■ **What you have to do**
Reproduce only the lines below from the line containing "Geniş kesim, kemerli" to the line containing "Sheer Beige Tier", exactly as written, with both end lines kept. Omit the pictures.

■ **Data extracts**
──────────

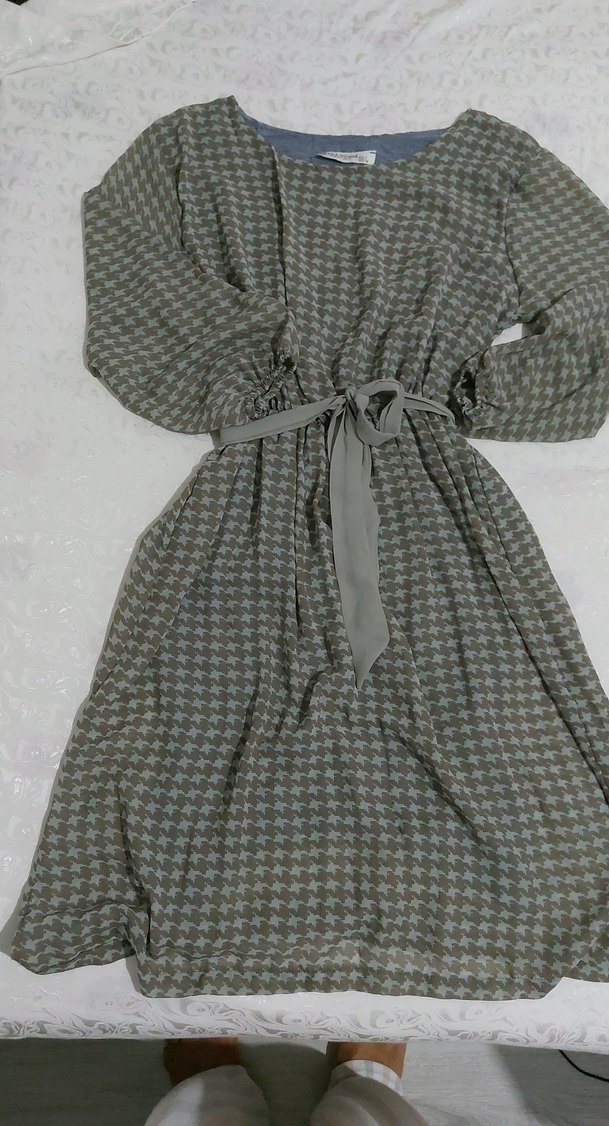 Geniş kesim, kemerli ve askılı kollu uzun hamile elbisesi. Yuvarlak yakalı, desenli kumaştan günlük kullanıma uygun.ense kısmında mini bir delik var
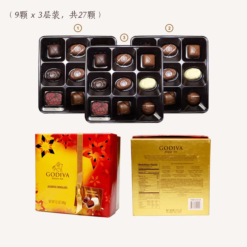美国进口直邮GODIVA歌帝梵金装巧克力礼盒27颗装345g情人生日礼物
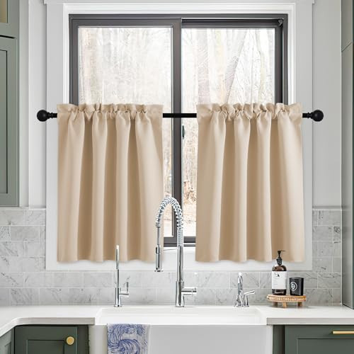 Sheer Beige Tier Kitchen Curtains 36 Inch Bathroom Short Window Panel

──────────

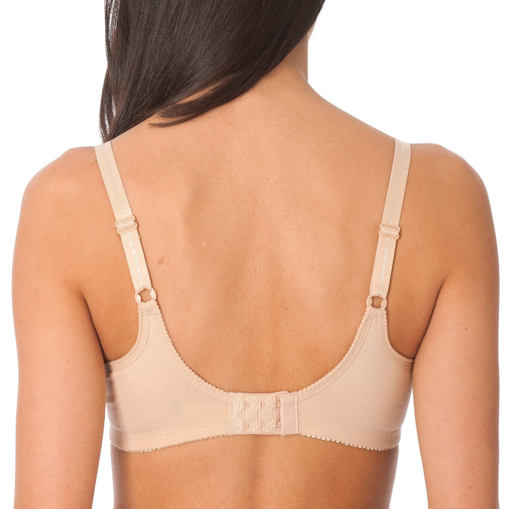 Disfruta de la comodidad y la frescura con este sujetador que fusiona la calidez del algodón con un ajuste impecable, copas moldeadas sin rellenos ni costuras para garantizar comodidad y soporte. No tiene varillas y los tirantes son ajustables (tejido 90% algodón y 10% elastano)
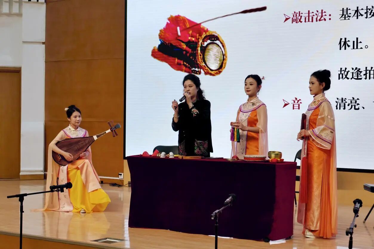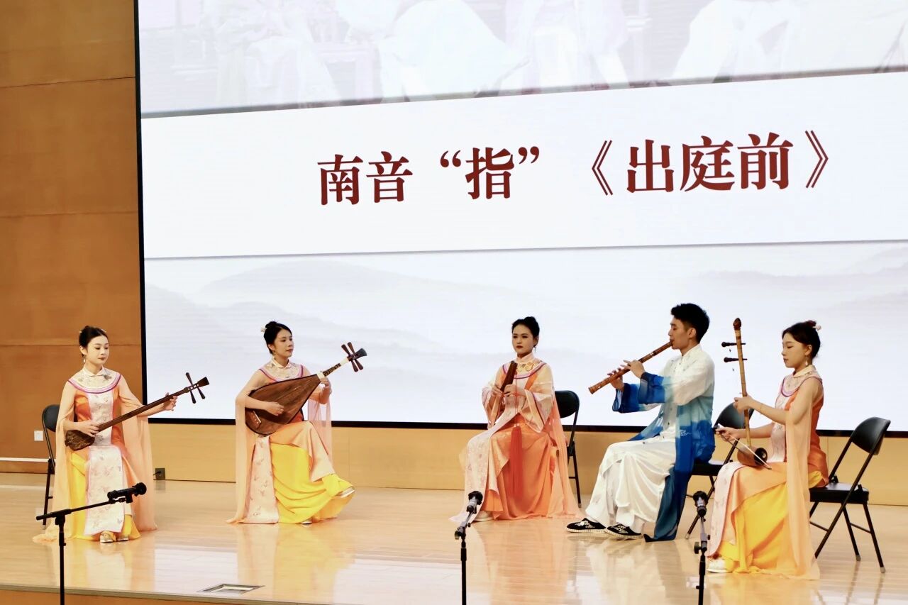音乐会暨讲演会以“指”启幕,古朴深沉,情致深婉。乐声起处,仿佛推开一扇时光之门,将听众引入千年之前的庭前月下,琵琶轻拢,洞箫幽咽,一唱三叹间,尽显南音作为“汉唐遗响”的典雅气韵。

──────────

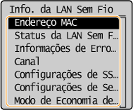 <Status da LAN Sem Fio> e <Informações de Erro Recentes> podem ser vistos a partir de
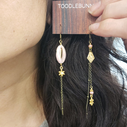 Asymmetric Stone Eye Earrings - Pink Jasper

──────────

■ **Solution to the exercise**
 Geniş kesim, kemerli ve askılı kollu uzun hamile elbisesi. Yuvarlak yakalı, desenli kumaştan günlük kullanıma uygun.ense kısmında mini bir delik var
美国进口直邮GODIVA歌帝梵金装巧克力礼盒27颗装345g情人生日礼物
 Sheer Beige Tier Kitchen Curtains 36 Inch Bathroom Short Window Panel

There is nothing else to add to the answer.